* Your task:
Return exactly the lines from the one containing "CHROME HEARTS クロムハーツ" through the last line of the records below, both included, and leave out any pictures.

* Extracted entries:

━━━━━━━━━━━━━━━━━━━━

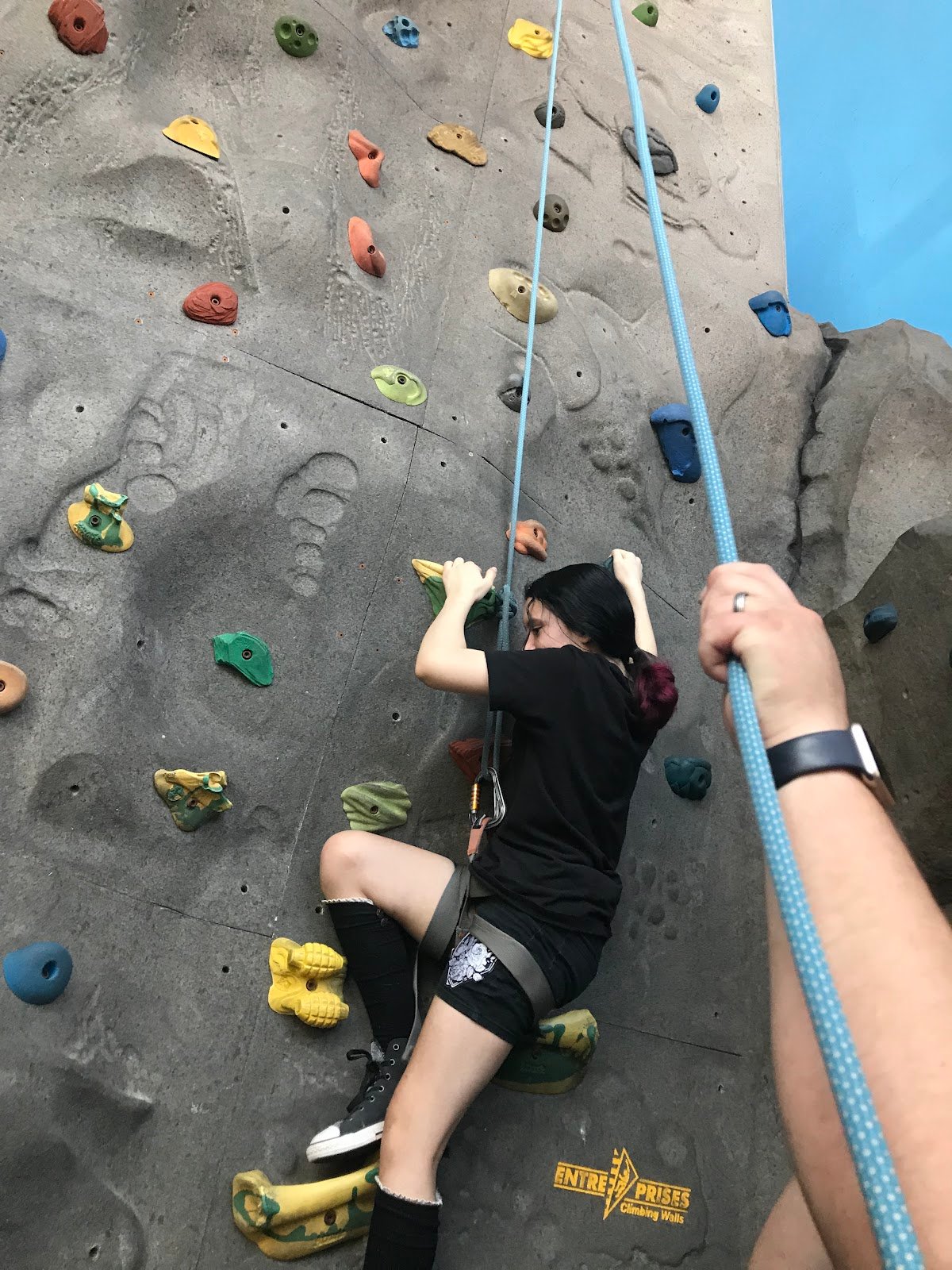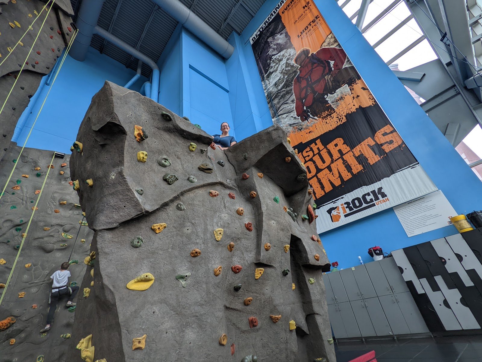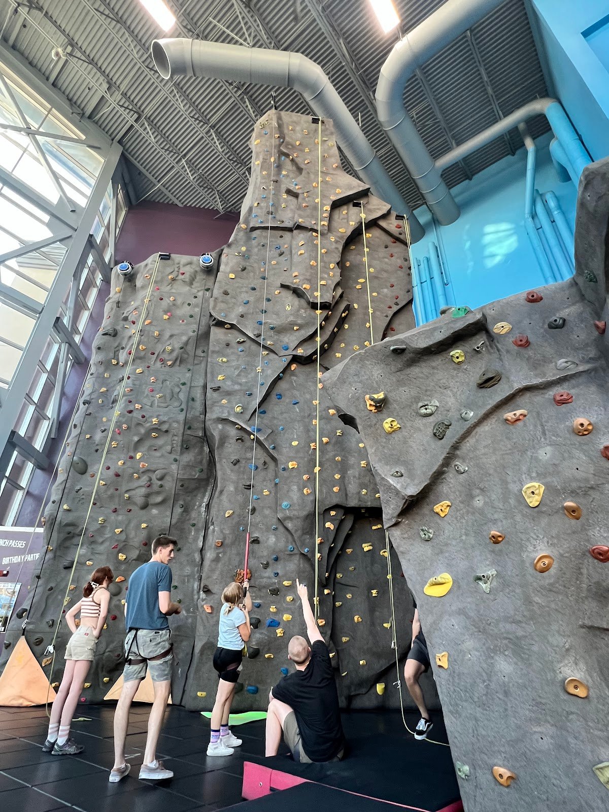 4 clip in auto-belayers that don’t require a spotter and 6 belay of various heights and one 10 foot free climb area. Emma was a great instructor and helped out getting everyone set up. Great prices too, and even better if you Groupon for Rick climbing, sky diving and indoor surfing
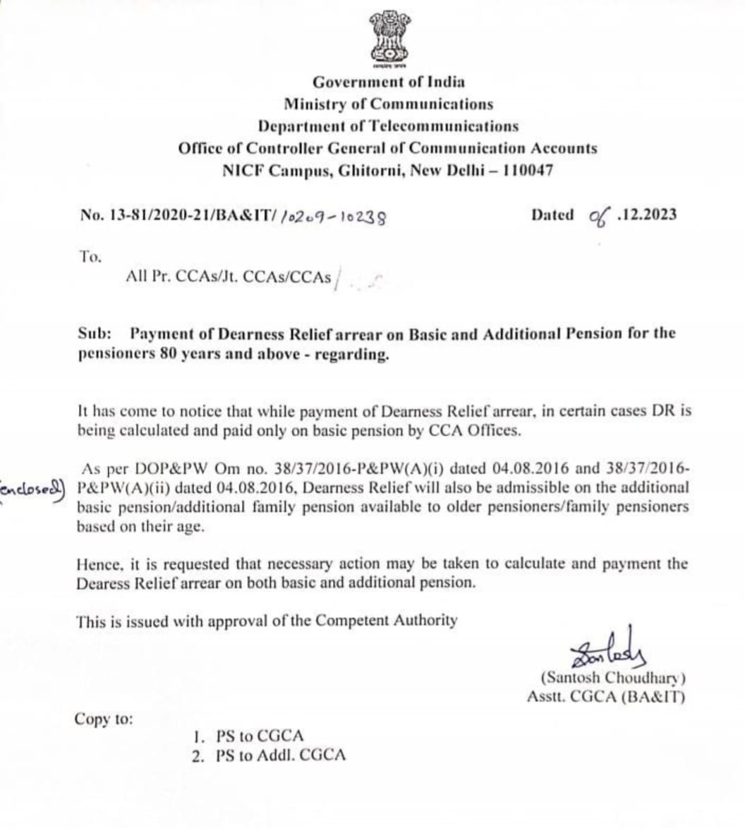 PAYMENT OF DEARNESS RELIEF ARREAR ON BASIC AND ADDITIONAL PENSION FOR PENSIONERS 80 YEARS AND ABOVE
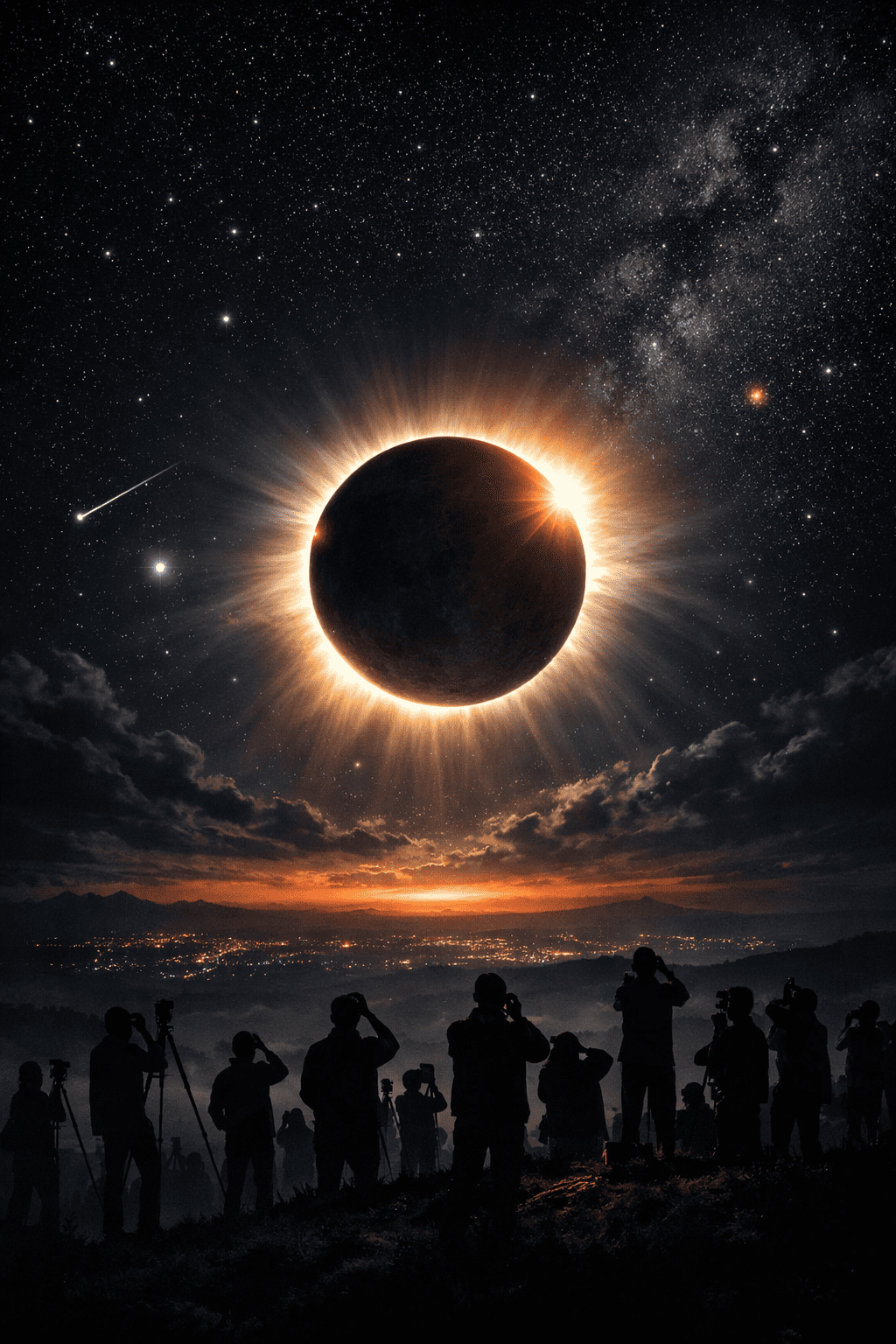 Esse fenômeno ocorre quando a Lua se posiciona exatamente entre a Terra e o Sol, bloqueando completamente a luz solar. Durante esse alinhamento perfeito, a claridade desaparece temporariamente, dando lugar a uma escuridão semelhante à noite, mesmo em pleno dia. Em alguns casos, é possível até observar estrelas e planetas no céu, algo extremamente incomum fora do período noturno.
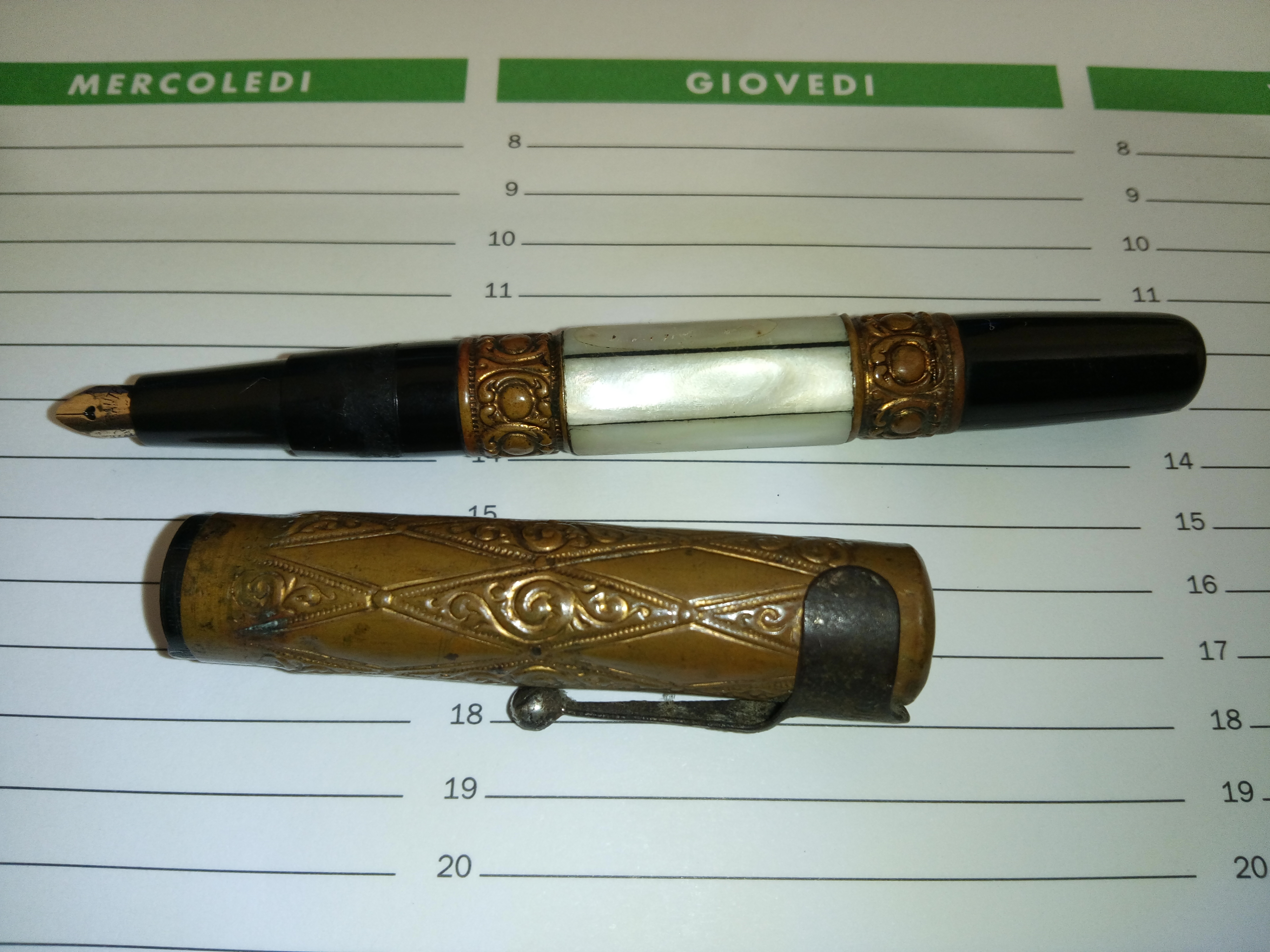 P.s.: sul cappuccio è stata inserita una "accommodation ;) clip". Di parti argentate non ce ne sono mai state: stando a quel che riesco a vedere dalle foto, sulla tua penna il cappuccio e i fascioni erano laminati oro. All'epoca i rivestimenti erano in oro massiccio, in lamina d'oro o in argento massiccio.
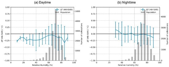 Water vapor existing in the atmosphere is known to pose challenges for accurate satellite SST retrieval in the IR spectrum band []. The dependence of ΔT on relative humidity (RH) is examined to evaluate the performance of Bureau fv02 H8 L2P SST retrievals. As shown in both panels in Figure 10, the most common RH values range from 40% to 90%, peaking at 70–75% in the daytime (Figure 10a) and at 75–80% in the night-time (Figure 10b). In the daytime, when RH is <60%, H8 tends to underestimate water temperatures by −0.25 °C to −0.05 °C. When RH is >60%, the absolute values of the negative biases decrease, with also significantly larger matchup sizes (Figure 10a). During the night, most of the mean ΔTs are very close to the zero line (Figure 10b). The jumps at both ends should again be due to the small matchup sizes.
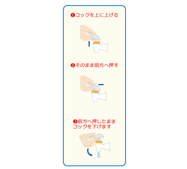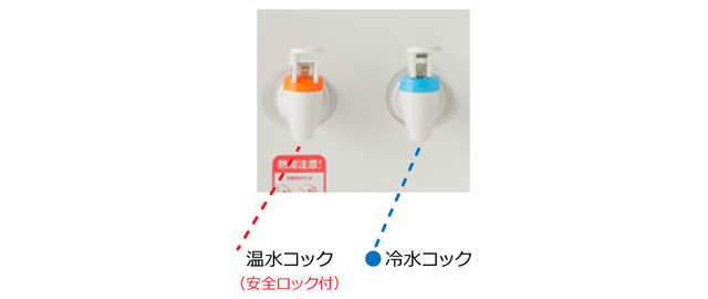 お子様のいたずら防止のために、冷水コックにも安全ロックをかけることも可能です。ご希望のお客様は担当の加盟店・販売店にお気軽にお声がけください。
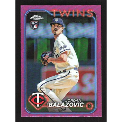 This is a 2024 Topps Chrome Pink Refractors Jordan Balazovic baseball card. The card is #198 and pictures show condition. Team(s): Minnesota Twins Rookie Card (RC)
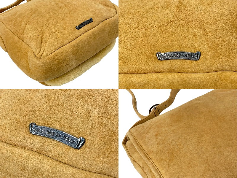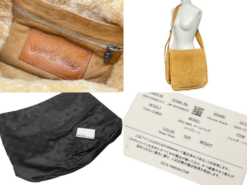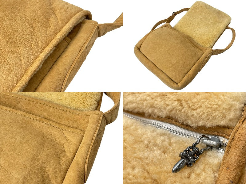 CHROME HEARTS クロムハーツ ムートン ソフトショルダーバッグ ダガージップ ベージュ シルバー925 美品 中古 4c071736
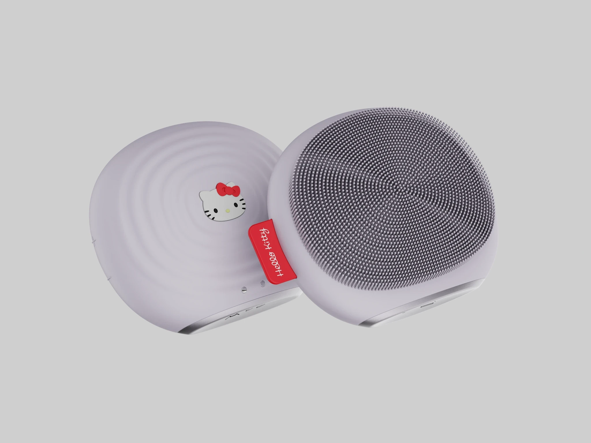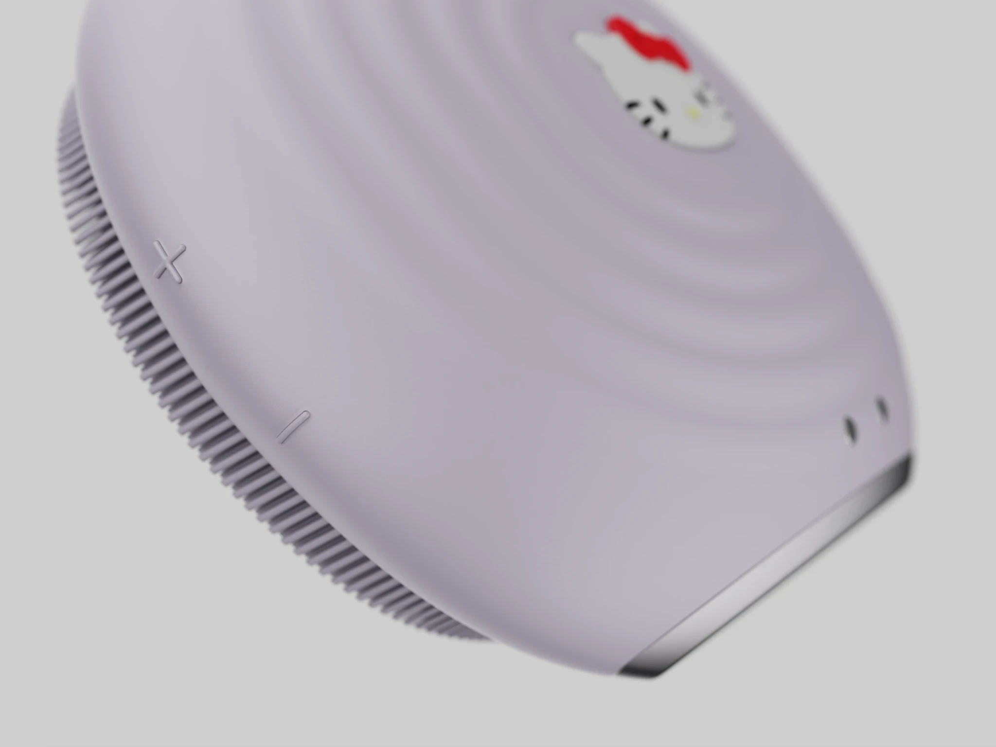 The Hello Kitty Sonic Facial Brush combines sonic-powered cleansing with targeted facial massage. Soft silicone bristles remove surface residue, while a contoured reverse surface delivers low-frequency massage. Producing over 7,500 pulses per minute, the form balances ergonomic handling with the playful aesthetic of the Hello Kitty brand.
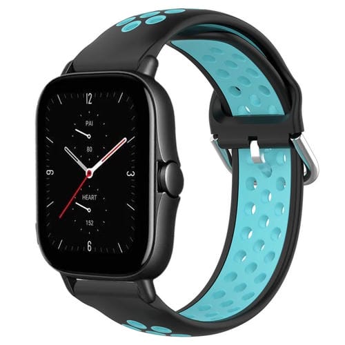 Correa de Reloj Amazfit GTS 2E 20mm Silicona Deportiva Transpirable Perforada (Negro + Azul)
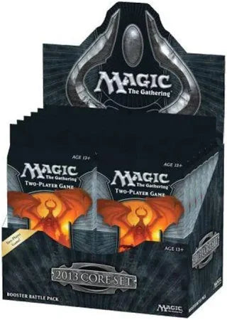 This item is a sealed display of Magic 2013 Booster Battle Packs. It contains 12 booster battle packs. Inside each is a booster pack of Magic 2013 and two color-specific groups of cards as well as basic lands.
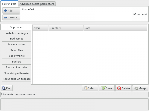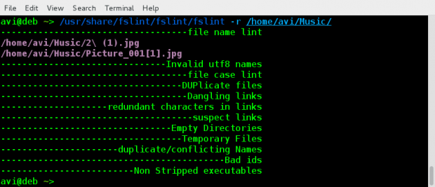 $ /usr/share/fslint/fslint/fslint -r /home/avi/Music/

━━━━━━━━━━━━━━━━━━━━

* Reply to the exercise:
 CHROME HEARTS クロムハーツ ムートン ソフトショルダーバッグ ダガージップ ベージュ シルバー925 美品 中古 4c071736
 The Hello Kitty Sonic Facial Brush combines sonic-powered cleansing with targeted facial massage. Soft silicone bristles remove surface residue, while a contoured reverse surface delivers low-frequency massage. Producing over 7,500 pulses per minute, the form balances ergonomic handling with the playful aesthetic of the Hello Kitty brand.
 Correa de Reloj Amazfit GTS 2E 20mm Silicona Deportiva Transpirable Perforada (Negro + Azul)
 This item is a sealed display of Magic 2013 Booster Battle Packs. It contains 12 booster battle packs. Inside each is a booster pack of Magic 2013 and two color-specific groups of cards as well as basic lands.
 $ /usr/share/fslint/fslint/fslint -r /home/avi/Music/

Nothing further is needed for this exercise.